Abbiamo raccolto tre quesiti che ci permettono di approfondire il rapporto tra dimissioni e reddito di cittadinanza o, più propriamente, i casi in cui il sussidio può essere riconosciuto ugualmente in via eccezionale e quando invece, stando alle regole generali, viene negato.

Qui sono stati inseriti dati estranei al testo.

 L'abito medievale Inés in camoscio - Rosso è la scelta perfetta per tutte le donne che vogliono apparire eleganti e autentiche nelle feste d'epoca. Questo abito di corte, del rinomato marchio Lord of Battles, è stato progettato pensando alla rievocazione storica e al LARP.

Le dimissioni di un familiare non negano il reddito di cittadinanza a tutti i componenti del nucleo

Salve mi chiamo Giorgio C. e scrivo dalla provincia di Roma. Ho fatto domanda per il reddito di cittadinanza ma ora mi sorge un dubbio: mio figlio ventenne si è dimesso qualche mese fa e ora lavora saltuariamente come lavapiatti a Londra dove si è recato per imparare l’inglese. Rischio di rientrare nel 25% delle domande rifiutate per questo?

La formulazione originaria sul tema dimissioni e reddito di cittadinanza era molto rigida: la legge infatti escludeva per 12 mesi dal Reddito di cittadinanza l’intero nucleo familiare di chi avesse presentato dimissioni volontarie dall’azienda.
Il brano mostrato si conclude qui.